I said, “To make a profit?”
Without missing a beat, Emily said, “What’s the number two thing any business wants?”
“Uhh.”
“Not to get sued,” she said. “I reported the picture as a copyright violation. And, um. I had some friends report some of your other pictures, too. The point is, in another day or two your account will be suspended pending investigation, and hopefully by the time they realize you weren’t posting stolen pictures, they’ll also have realized that you were hacked, and fix it.”
“Or I’ll get arrested for violating the Copyright Act!”
“Yeah, probably that won’t happen. But I did deal with the more immediate problem, which was keeping your mom from seeing it.”
“How exactly did you do that?”
“I hacked her Instagram page.”
“What?”
“Her password’s your birthday. It wasn’t that hard. Anyway, all I did was unfollow and block you, so even if someone tags her on another picture before your page comes down, she won’t get any notifications or anything. She’d have to be specifically looking for your page.”
“Which you said you hardly use anyway,” Bebe said. “So she probably won’t go looking.”
I slumped onto one of the art stools, and Bebe sat down next to me. “Thank you,” I said. “Eeesh.” I rested my forehead on my arms. “I just don’t understand. I thought this was over! Why would someone bother messing with me again? It wasn’t enough to ruin my academic prospects, now they want me in jail?”
“I don’t think they wanted you in jail,” Emily said.
“Mischa,” Bebe said. “They tagged your mom.”
“They wanted to get me in trouble with my mom?”
I thought about the picture.

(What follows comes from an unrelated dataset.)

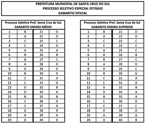 A Prefeitura de Santa Cruz do Sul realizou no último domingo, 30 de junho, na Faculdade Dom Alberto, o processo seletivo para preenchimento de 250 vagas de estágio em diversas áreas da administração. Ao todo cerca de 500 candidatos realizaram as provas, 167 vagas de nível superior e 83 de nível médio deverão ser preenchidas. O processo seletivo está a cargo do Centro de Integração Empresa-Escola (CIEE), responsável também pela elaboração das provas. Confira abaixo o gabarito oficial da prova que deverá contermplar 167 novos estagiários: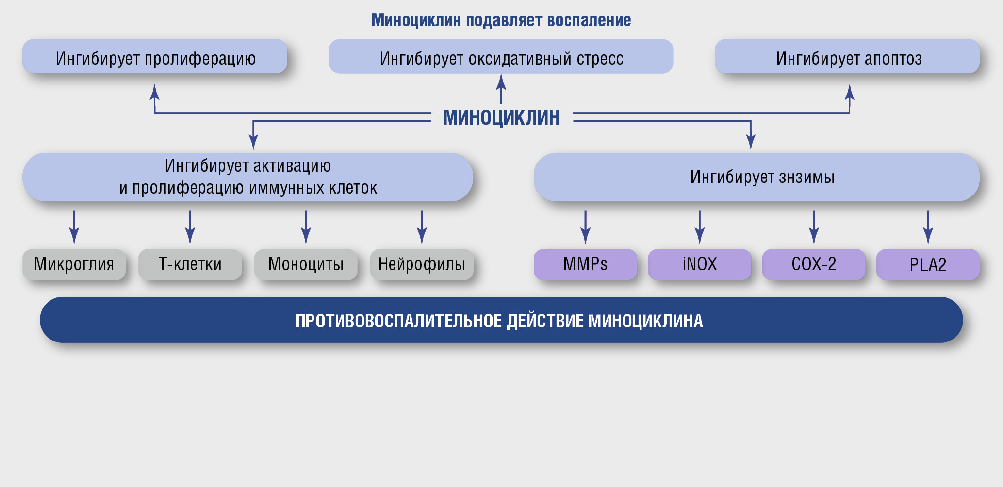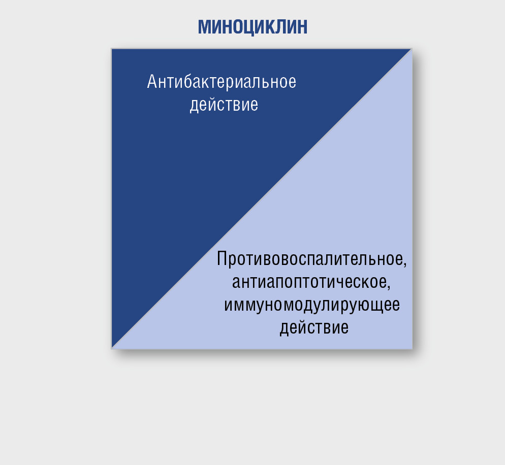 Рис. 1. Многогранное действие миноциклина: антибактериальное, противовоспалительное, антиапоптотическое, иммуномодулирующее

It was supposed to be of a Blanchard party. “They wanted her to pull me out of school?”
“That’s my guess,” Emily said.
“Is there any way to figure out who did it?” I asked.
“Unlikely,” she said. “Unfortunately. But let’s have a look.”
Emily pulled the picture up on the computer. On the big screen, it was a lot more horrifying than it had been on Bebe’s phone.
“Well, obviously it’s fake,” I said. “I don’t even know any of those people.”
She blew the picture up, and then again, and then again. “Oh, it’s definitely photoshopped,” she said. “I just want to see how.”
“Does it matter?”
“I want to know if the person who did it was any good.”
She put a finger to a subtle line between my face and the background. “Here’s where they spliced it,” she said. “You can see where they cut you out and pasted you in front of the party.”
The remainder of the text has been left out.